The Casino Girl was billed as the twin sister of The Belle of New York and was commissioned for the Casino Theatre in New York as a vehicle for Mabelle Gilman with a cast that included Virginia Earle in a breeches role as Percy, Adele Ritchie, Lotta Faust and Sam Bernard as Pilsener. It ran at the Casino from 19 March 1900 to 9 June 1900 for a run of 51 performances and was revived at the same theatre on 6 August 1900 for 40 performances before going on a tour of the United States. It was produced by George Lederer, with music by Ludwig Engländer, Will Marion Cook, Will Accooe, Harry Truman MacConnell and Arthur Nevin, lyrics by Engländer, Cook and MacConnell, and a book by Harry B. Smith and Arthur Nevin. The show had a revival at the Knickerbocker Theatre in New York from 8 April 1901 starring Katie Seymour and James E. Sullivan.
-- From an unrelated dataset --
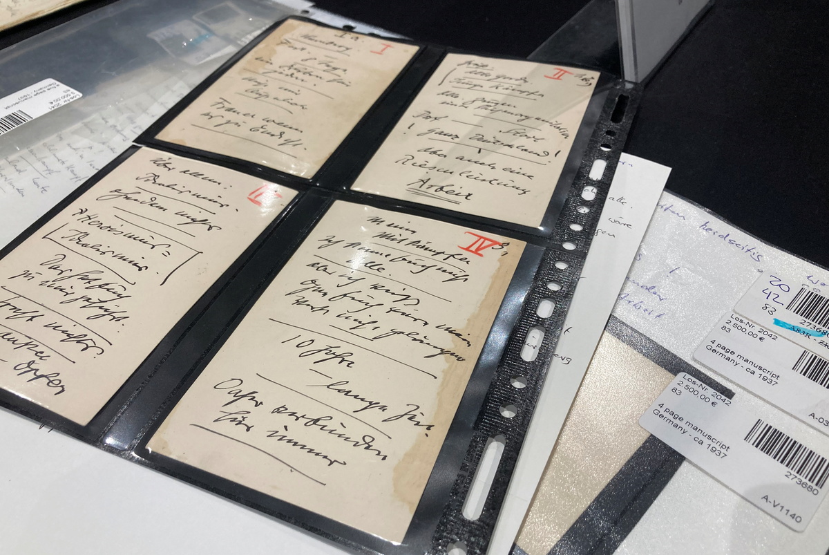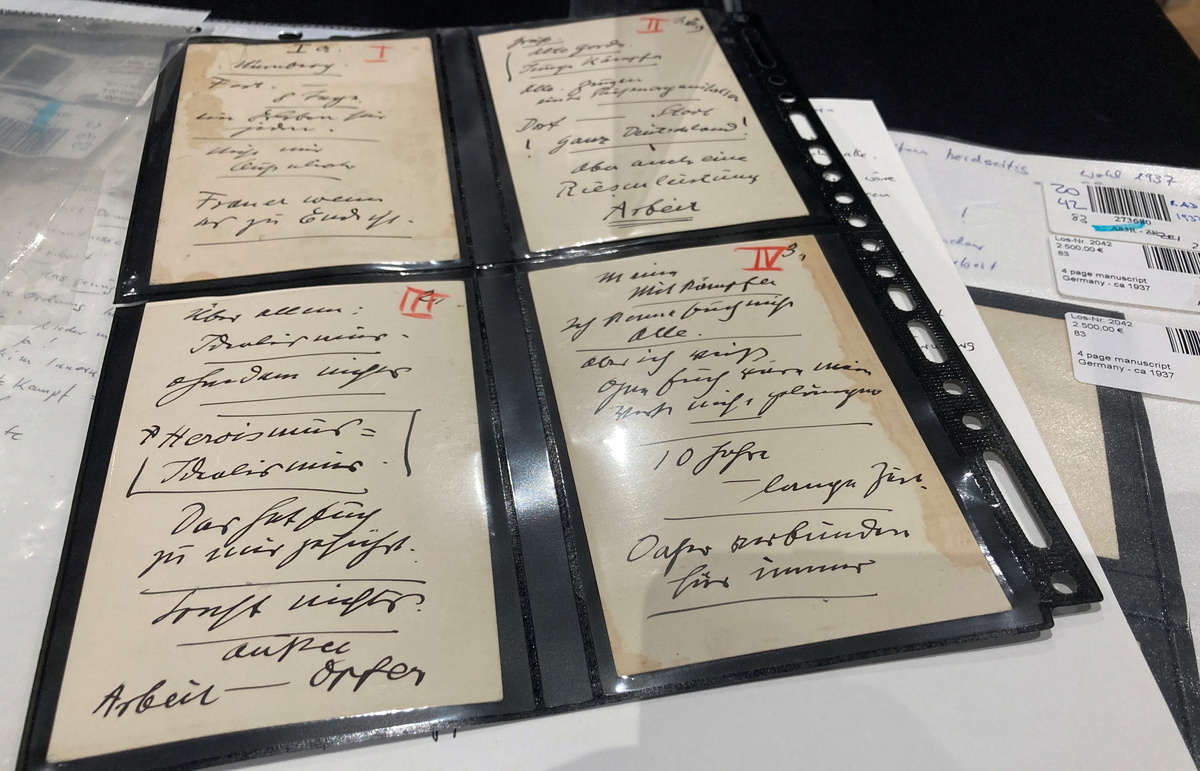 The set of cue cards bearing the phrase "Jewish problem", for a 1939 speech to graduating army officers, sold for 34,000 euros, while the notes for a 1935 speech to a winter aid charity with phrases like "collections are annoying" went for just 12,500 euros.

The show was mounted at the Shaftesbury Theatre in London from 11 July 1900 to 22 January 1901 for a run of 193 performances, again with Gilman in the title role. The production immediately ran into problems as Henry Lowenfield, the theatre's manager, assumed he had the right to rewrite the show and rename the characters, which brought him into conflict with Smith, the show's book writer. The two struck a deal, and Lowenfield purchased the rights to the show for £1,000. The London production then undertook a tour of the British provinces in 1901–1902, produced by Ben Greet, with a cast led by Isa Bowman as Laura Lee and Gabrielle Ray as Dolly Twinkle.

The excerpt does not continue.